Show HN: Hacking slot machines with a buttonhole camera and brute-force search - jamesough
https://github.com/tensor8/hacking_slot_machines
======
lysp
A friend "hacked" a similar betting gaming machine.

The game cost $2 to play. It loosely followed the payout rules of the TV show
"who want's to be a millionaire". There were about 10-12 levels and every 2-3
wins you'd get to a checkpoint where you could cash out or continue playing
for more money.

Each level was slightly harder in difficulty/time with 3 "prize/payout"
levels, which changed based on how much the machine had paid out recently. You
could generally win anything from $10-$40 per play.

It had about 8 different games you could play (one being sports trivia). One
of the games you could choose was "spot the difference" where you have 2
images side by side and you needed to touch the screen in a set amount of time
to find the 5 differences.

The method my friend worked out to "hack" the machine was to cross his eyes
and merge the 2 images into one, similar to the stereogram "Magic Eye" images
you can find. By crossing his eyes and merging the images into a single one -
the differences stood out really clearly.

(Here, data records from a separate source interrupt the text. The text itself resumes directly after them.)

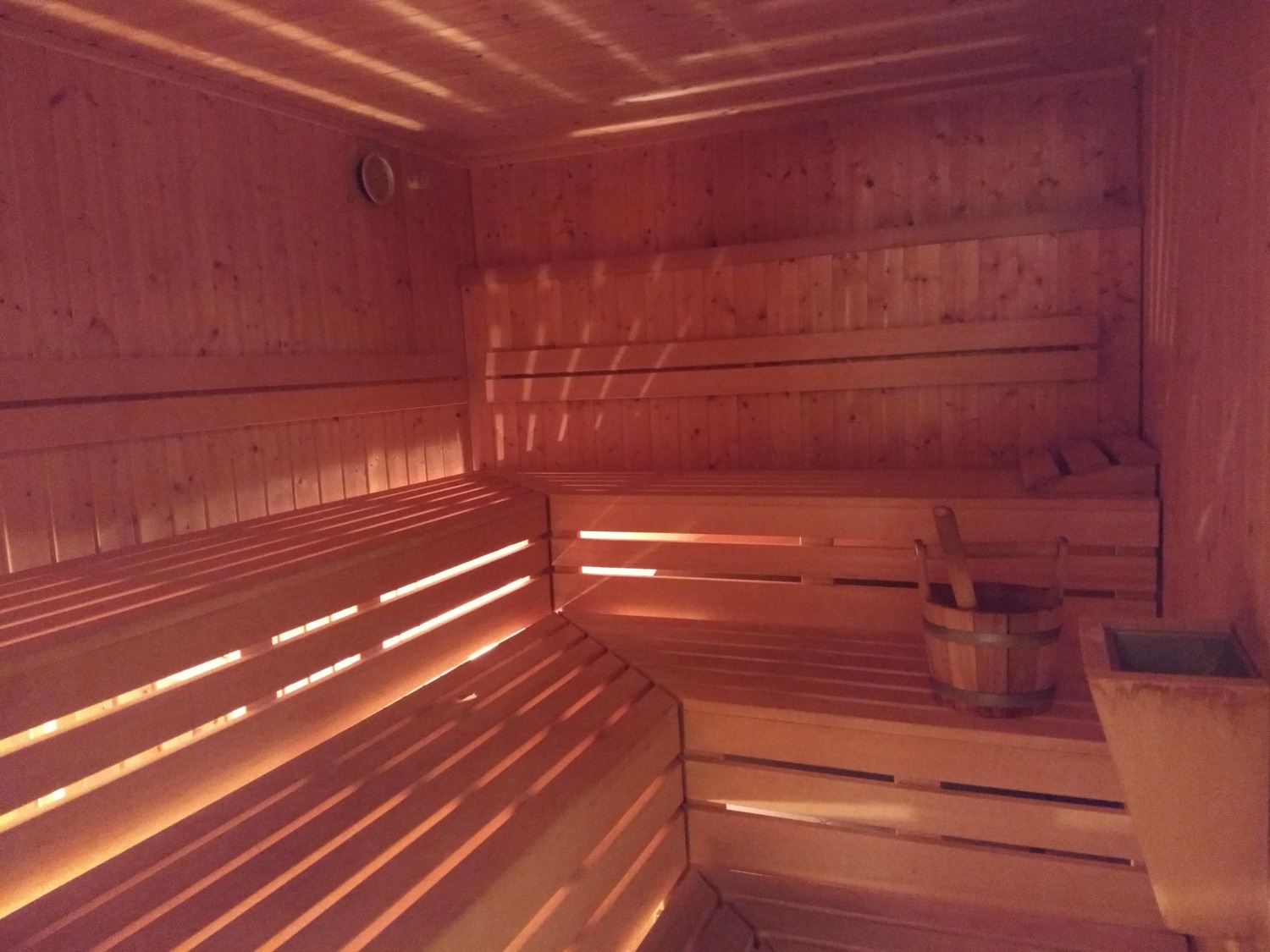 There were two saunas, a steam room and. then a Finnish type sauna. Or rather, a Swiss type sauna, with the heater under the benches, and pouring water to a small bucket on the wall will feed the heater.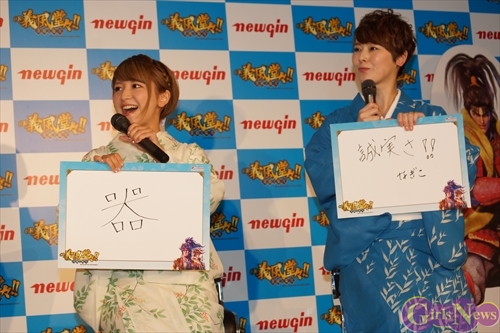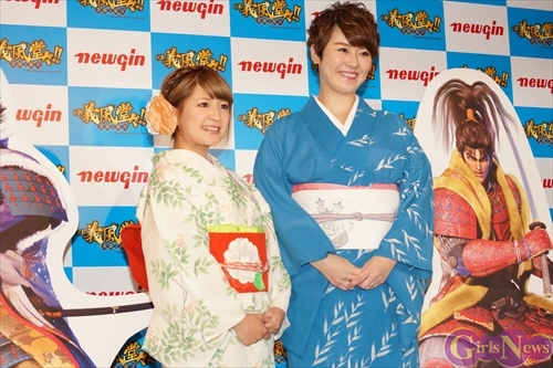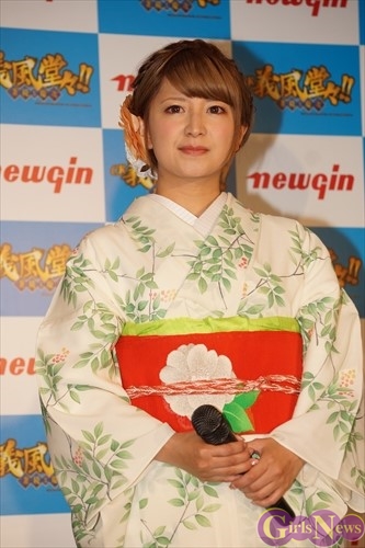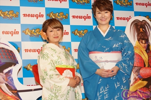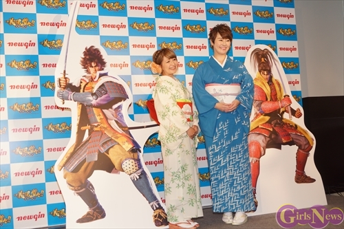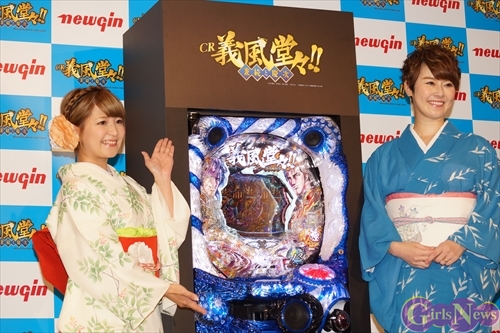 7月2日、ニューギン「CR義風堂々!! ~兼続と慶次~」プレス発表会が都内で行われ、モーニング娘。OGの矢口真里さんと女優の遠野なぎこさんが着物姿で登場した。
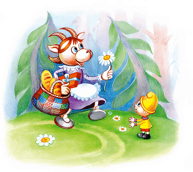 Расчувствовался Волк, низко Козе поклонился и преподнёс ей цветок. А потом осторожно понёс молоко домой.
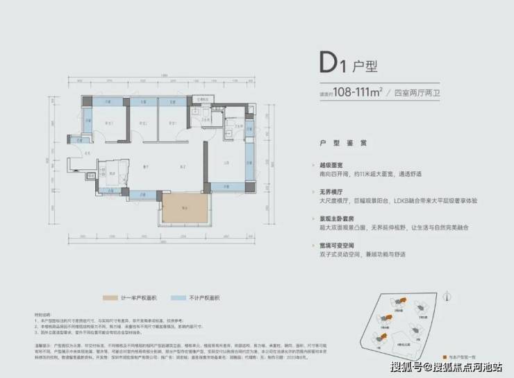 此外,从楼栋布局的角度来看,D2户型的遮挡面更少,

This lasted a few months with him and his friends cashing in on all the
machines in the area, whenever their prize level was high. Eventually the
software company worked out there was a problem with that specific game and
updated their software.

It didn't pay out as high on that game. And the top prize level had to be
completed in under 2 seconds. Which when you're trying to press a not-so-great
touch-screen 5 times in 2 seconds, was not possible as not all presses would
register if you touched it really quickly.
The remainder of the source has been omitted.